WORK TASK: Below this line is the material. Write out only its lines from the one containing "如上图所示,这辆车的10年平" through the one containing "If we replace", both kept, exactly.

SUPPLIED MATERIAL:
◇ ◇ ◇ ◇

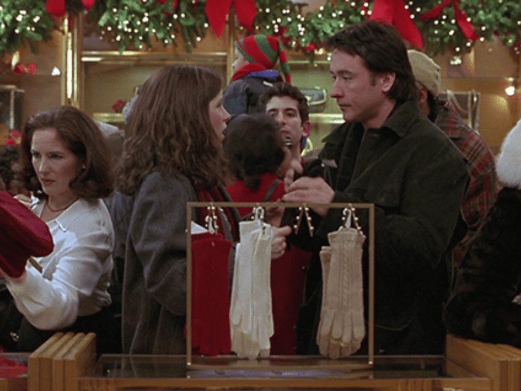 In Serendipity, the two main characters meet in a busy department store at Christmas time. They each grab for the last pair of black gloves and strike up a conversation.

◇ ◇ ◇ ◇

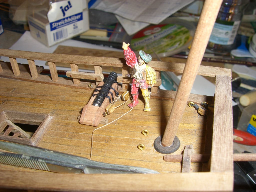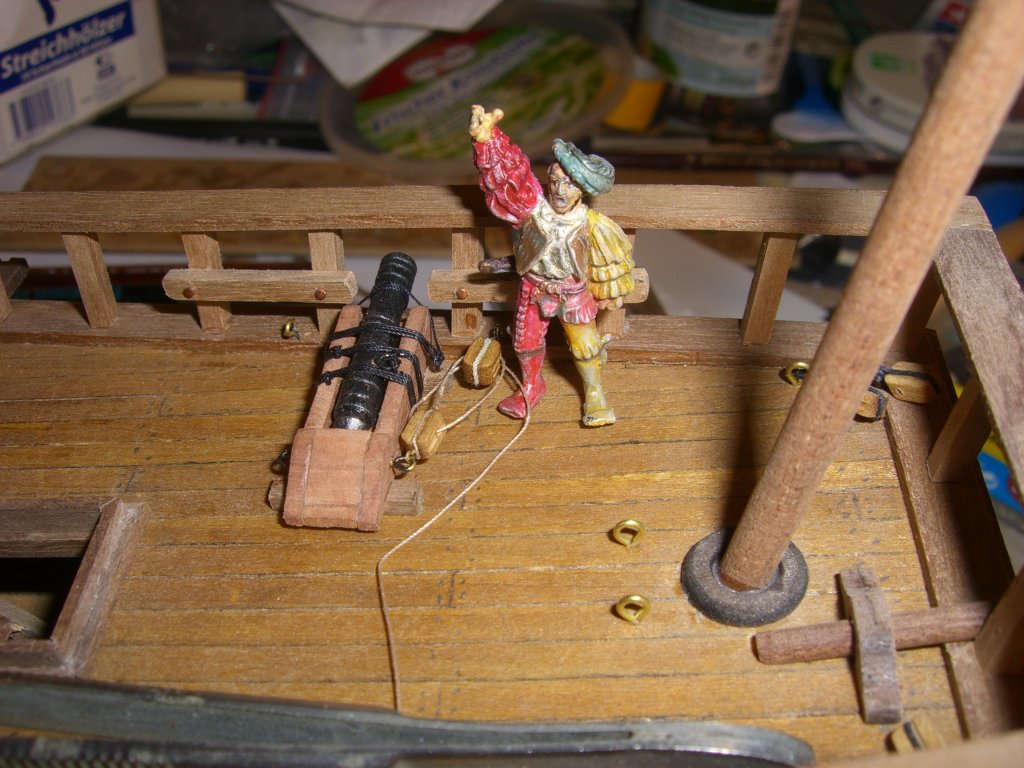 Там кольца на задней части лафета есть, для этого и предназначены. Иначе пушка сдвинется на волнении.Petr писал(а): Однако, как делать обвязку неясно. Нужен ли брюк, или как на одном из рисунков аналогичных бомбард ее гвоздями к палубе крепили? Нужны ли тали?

◇ ◇ ◇ ◇

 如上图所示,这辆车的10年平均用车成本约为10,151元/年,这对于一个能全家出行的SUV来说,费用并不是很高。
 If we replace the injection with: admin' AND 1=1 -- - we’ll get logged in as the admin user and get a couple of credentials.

◇ ◇ ◇ ◇

EXERCISE ANSWER:
 如上图所示,这辆车的10年平均用车成本约为10,151元/年,这对于一个能全家出行的SUV来说,费用并不是很高。
 If we replace the injection with: admin' AND 1=1 -- - we’ll get logged in as the admin user and get a couple of credentials.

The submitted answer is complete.